Recorded data ::

= = = =

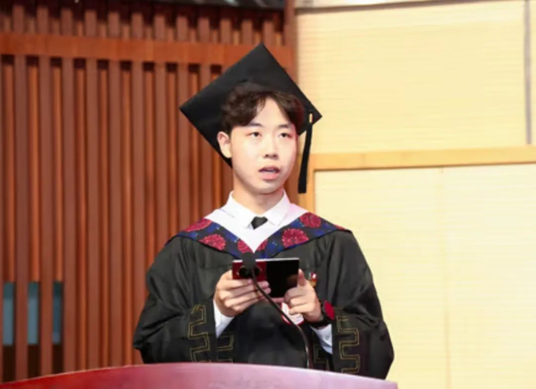 2021级社会学本科毕业生陈鞠之翼代表学士学位获得者发言。他将本科生涯概括为一场社会学的求索、自主的身边探索与生命体验。受益于科教融合优势与社科院雄厚师资,他不仅初窥社会学门径,更深刻理解到做学问需“回到社会、回到人间”。陈鞠之翼感谢恩师的关怀指导以及身边朋友的陪伴,强调四年经历拓宽了认知,深化了对生命的理解。他鼓励大家多尝试、勤学习、保持健康与快乐,在行动与实践中找到并把握自己的人生方向。
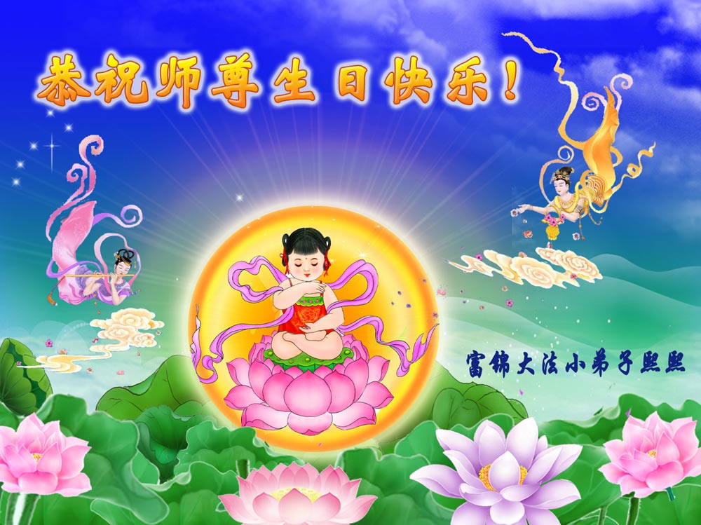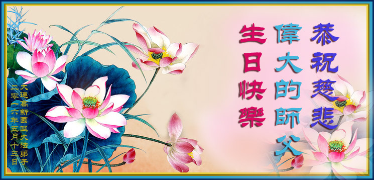 师父您辛苦了!弟子感恩师父的慈悲苦度,在最后的时间里唯有精進实修,做好三件事,助师正法救度众生,兑现誓约。 新洪宇 师恩浩荡大法传 救度众生危难前 正法洪势震天宇 巨难何为 威德无量 一念重开新洪宇 辽宁大连高新园区的大法弟子恭祝慈悲伟大的师父生日快乐!
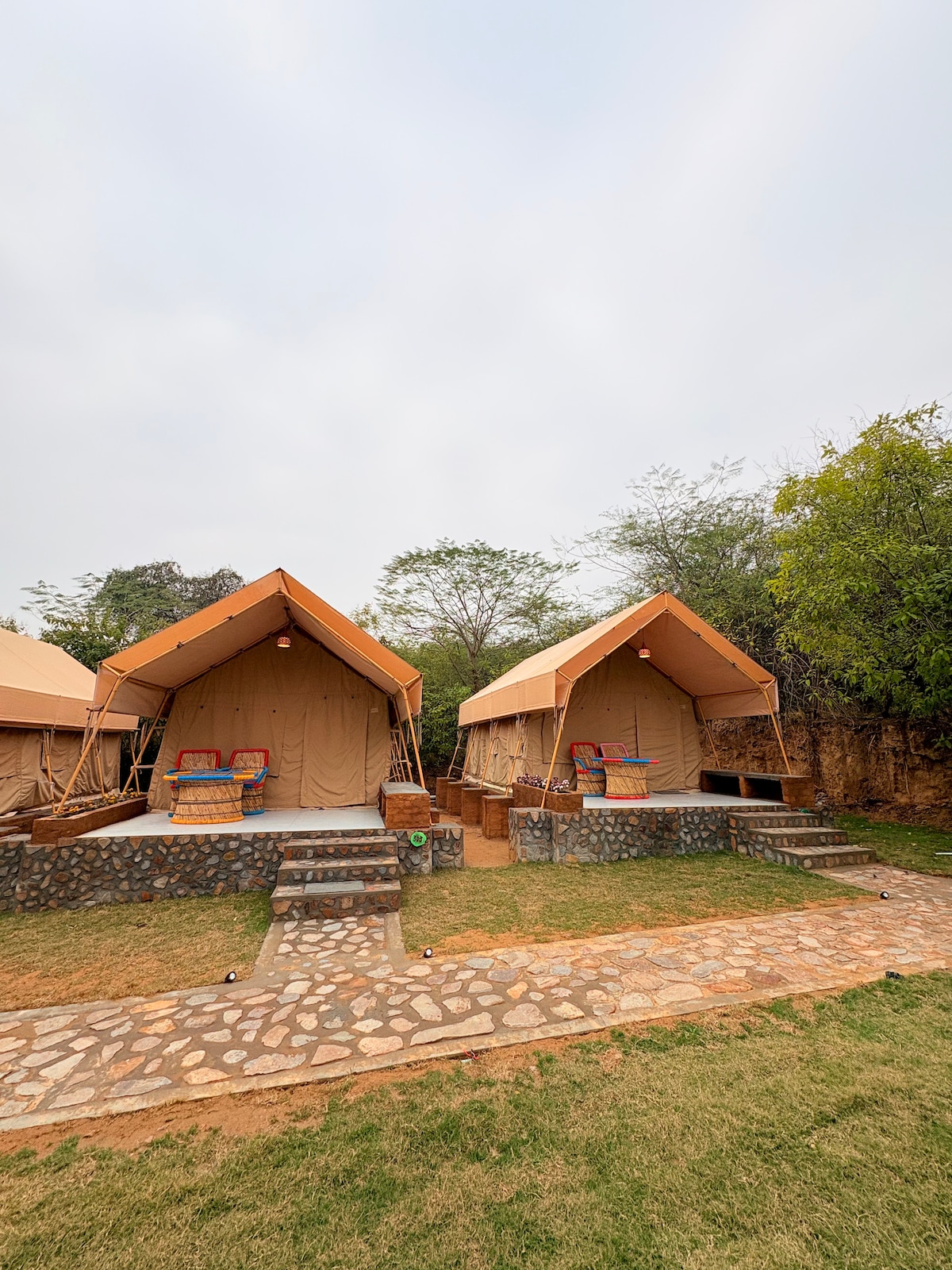 Stay close to nature at Kala Kutir, an luxury Tent retreat just 15 minutes from the Taj Mahal. Surrounded by birds, trees, and open fields, it offers Luxury tent rooms, peaceful courtyards, and a swimming pool (operational in summer). Perfect for artists, couples, and travellers seeking calm, creativity, and connection. Enjoy slow mornings with chai under neem trees, evenings by the firepit, and nights under starry skies — where Agra’s heritage meets simple, soulful, and sustainable living.

= = = =

Aim of the task ::
Reproduce, word for word, everything in the listing above except the pictures.

Solution to the exercise ::
 2021级社会学本科毕业生陈鞠之翼代表学士学位获得者发言。他将本科生涯概括为一场社会学的求索、自主的身边探索与生命体验。受益于科教融合优势与社科院雄厚师资,他不仅初窥社会学门径,更深刻理解到做学问需“回到社会、回到人间”。陈鞠之翼感谢恩师的关怀指导以及身边朋友的陪伴,强调四年经历拓宽了认知,深化了对生命的理解。他鼓励大家多尝试、勤学习、保持健康与快乐,在行动与实践中找到并把握自己的人生方向。
 师父您辛苦了!弟子感恩师父的慈悲苦度,在最后的时间里唯有精進实修,做好三件事,助师正法救度众生,兑现誓约。 新洪宇 师恩浩荡大法传 救度众生危难前 正法洪势震天宇 巨难何为 威德无量 一念重开新洪宇 辽宁大连高新园区的大法弟子恭祝慈悲伟大的师父生日快乐!
 Stay close to nature at Kala Kutir, an luxury Tent retreat just 15 minutes from the Taj Mahal. Surrounded by birds, trees, and open fields, it offers Luxury tent rooms, peaceful courtyards, and a swimming pool (operational in summer). Perfect for artists, couples, and travellers seeking calm, creativity, and connection. Enjoy slow mornings with chai under neem trees, evenings by the firepit, and nights under starry skies — where Agra’s heritage meets simple, soulful, and sustainable living.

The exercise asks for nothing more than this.